Add or remove a storage policy

You can add or remove a storage policy from a table that already contains data. When you update the retention period on a table to a longer time period, Polaris does not recover previously deleted data.

To restore the default behavior in Polaris, remove the custom storage policies from the table. By default, Polaris retains all data forever and precaches all retained data.

The following storage policy example resets the default retention and precache behavior:

    "storagePolicy": {}

The following storage policy example resets the precache policy behavior and keeps the three month retention policy:

    "storagePolicy": {
"cached": null,
"retain": {
"period": "P3M",
"type": "period"
}
}

The net effect is for Polaris to retain and precache the past three months of data.

When sending a PUT request to update a table, keep in mind the following differences from creating a table:

  • Supply the table name as a path parameter.
  • Include version in the request body.

Sample request

Send a PUT request to the /v1/projects/PROJECT_ID/tables/TABLE_NAME endpoint to update a table's storage policy. See the Tables v1 API documentation for more information.

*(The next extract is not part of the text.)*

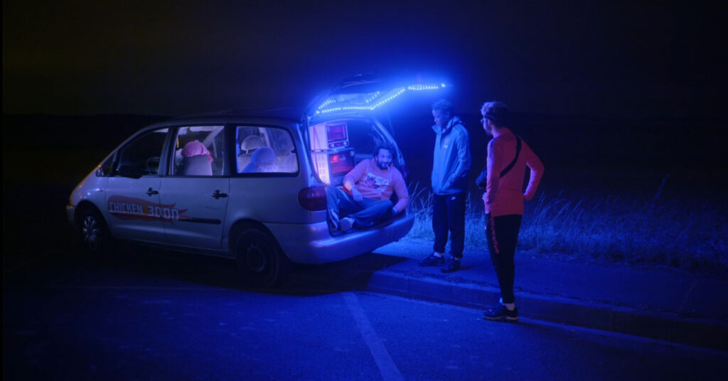 Ils paradent en claquettes-chaussettes, récupèrent par terre des objets venant d’un autre monde, et se font livrer des burgers répondant aux doux noms de Cristiano (Signature) ou de Neymar-steak-boursin quand vient l’heure du petit creux éméché de fin de soirée. Eux, c’est Leslie et Renard, engagés malgré eux dans une exploration de la Grande Couronne après que le RER les menant à Saint-Rémy-lès-Chevreuse les empêche de retourner vers la capitale suite à un problème technique. Le prétexte à un buddy-movie bariolé arpentant les zones périurbaines, ces étranges espaces plus si ruraux contaminés par la construction de centres commerciaux et d’extensions de lignes de métro. Si le film est plus réussi sur son abord comique que sur son envers mélancolique, il convoque un éloge de la lose et du rire grassouillet qui nous situe tout de suite du côté de la comédie américaine et de ses plus magnifiques avatars (Superbad, Apatow, Farrelly et cie.) Des références qui, dans notre bouche, sont évidemment une bonne chose. Un premier long remarqué à l’ACID qui nous donne envie de suivre avec attention la carrière du jeune réal/acteur/scénariste aux jackets couleurs Haribo, seulement 25 printemps au compteur! Le retour en grâce d’Ecce Films!
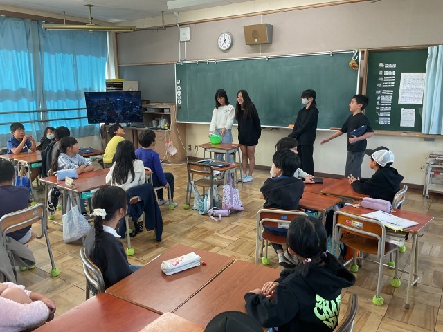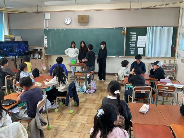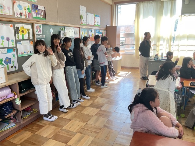 修学旅行で平和学習を控える6年生が3年生の教室を訪問し、折り鶴の折り方を教える交流会が行われました。これは、平和への思いを込めた千羽鶴を完成させ、修学旅行先の広島などに持参するための取り組みの一環です。

curl --location --request POST "https://ORGANIZATION_NAME.REGION.CLOUD_PROVIDER.api.imply.io/v1/projects/PROJECT_ID/tables/Koalas" \
--header "Authorization: Basic $POLARIS_API_KEY" \
--header "Content-Type: application/json" \
--data '{
"name": "Koalas",
"type": "aggregate",
"version": 0,
"storagePolicy": {
"retain": {
"period": "P1M",
"type": "period"
}
}
}'

Sample response

The following example shows a successful response:

Click to view the response
{
"schema": [
{
"dataType": "timestamp",
"type": "dimension",
"name": "__time"
}
],
"timeResolution": "millisecond",
"name": "Koalas",
"type": "aggregate",
"version": 1,
"availability": "available",
"clusteringColumns": [],
"compactionConfig": null,
"createdBy": {
"username": "api-key-pok_vipgj...bjjvyo",
"userId": "a52cacf6-3ddc-48e5-8675-xxxxxxxxxxxx"
},
"createdByUser": {
"username": "api-key-pok_vipgj...bjjvyo",
"userId": "a52cacf6-3ddc-48e5-8675-xxxxxxxxxxxx"
},
"createdOnTimestamp": "2023-08-10T23:27:51.549893Z",
"createdTimestamp": "2023-08-10T23:27:51.549893Z",
"description": null,
"id": "0189e1c7-22fd-7ea3-addd-a1f06705afa0",
"lastModifiedBy": {
"username": "api-key-pok_vipgj...bjjvyo",
"userId": "a52cacf6-3ddc-48e5-8675-xxxxxxxxxxxx"
},
"lastUpdateTimestamp": "2023-08-10T23:50:57.554676548Z",
"modifiedByUser": {
"username": "api-key-pok_vipgj...bjjvyo",
"userId": "a52cacf6-3ddc-48e5-8675-xxxxxxxxxxxx"
},
"modifiedOnTimestamp": "2023-08-10T23:50:57.554676548Z",
"partitioningGranularity": "day",
"queryableSchema": [],
"storagePolicy": {
"retain": {
"period": "P1M",
"type": "period"
}
},
"schemaMode": "flexible",
"segmentCompactedBytes": 0,
"segmentTotalBytes": 0,
"totalDataSizeBytes": 0,
"totalRows": 0
}

View storage usage

Issue a GET request to the /v1/projects/PROJECT_ID/tables/TABLE_NAME endpoint to view the amount of precached data in a table. Use this size compared to the total data size to determine the amount of data only in deep storage.

Sample request

The following example shows how to get details for a table. Replace TABLE_NAME with the name of your table.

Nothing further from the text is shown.